Importantly, our data indicated that relative risk of in-hospital mortality increased with increasing abnormal ECG scores. Abnormal ECG scores in our study reflected a wide spectrum of cardiac involvement including arrhythmias, conduction disorders and ventricular depolarization and repolarization disorders. The mechanisms of cardiovascular manifestations in COVID-19 patients remained unclear and several putative mechanisms had been proposed such as direct viral myocardial injury, stress cardiomyopathy, acute coronary syndrome, oxygen supply and demand mismatch and systemic hyperinflammatory response.14 The increase of abnormal ECG scores might be attributed to severer acute cardiac complications of COVID-19 induced by multiple mechanisms and/or more pre-existing cardiovascular diseases.
Complications and poor outcomes more frequently occurred in elderly COVID-19 patients.11, 15 Consistent with these findings, increasing age was independently associated with in-hospital death in the present study.
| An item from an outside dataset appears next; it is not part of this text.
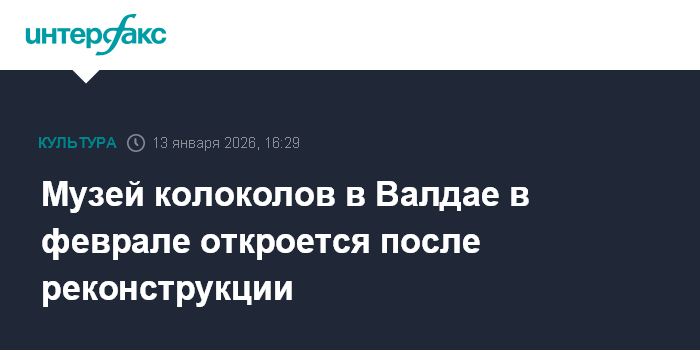 Москва. 13 января. INTERFAX.RU - В Валдае Музей колоколов откроют после реконструкции 5 февраля, сообщили "Интерфаксу" в Новгородском государственном музее-заповеднике.

An unexpected finding was that treatment with glucocorticoid was also related to mortality in multivariable Cox regression analysis. A possible explanation might be that severer patients tended to receive glucocorticoid therapy15 and non-survivors also was with a higher proportion of glucocorticoid therapy.11
5 CONCLUSIONS
Our data show that ECG abnormality was common among admitted patients for COVID-19 and was associated with adverse in-hospital outcome. In-hospital mortality risk increased with increasing abnormal ECG scores, suggesting that close observation should be kept on patients with multiple ECG abnormalities during their hospitalization. ECG might be an easy tool for risk stratification in such patients.
6 LIMITATION
Some limitations of our study should be acknowledged. Firstly, only initial ECGs on admission or during hospitalization were reviewed. Neither previous ECGs nor subsequent ECGs were analyzed for comparison. It is difficult to distinguish pre-existing cardiac disease between acute infective status related ECG abnormalities. Secondly, echocardiographic data was available in only a minority of patients and was not included in our analysis. Thirdly, the follow-up of patients was short and our results might not be representative of the long-term prognosis. Fourthly, the event rate was low and the multivariable Cox regression analysis with many variates may be less reliable. Finally, several individual ECG abnormalities were detected in small numbers of patients and the estimate of their prognostic role should be further verified in larger populations.
ACKNOWLEDGMENT
This research did not receive any specific grant from funding agencies in the public, commercial, or not-for-profit sectors.
CONFLICT OF INTEREST
All authors declare no conflicts of interest that might be relevant to the contents of this manuscript.
Open Research
DATA AVAILABILITY STATEMENT
The data that support the findings of this study are available on request from the corresponding author. The data are not publicly available due to privacy or ethical restrictions.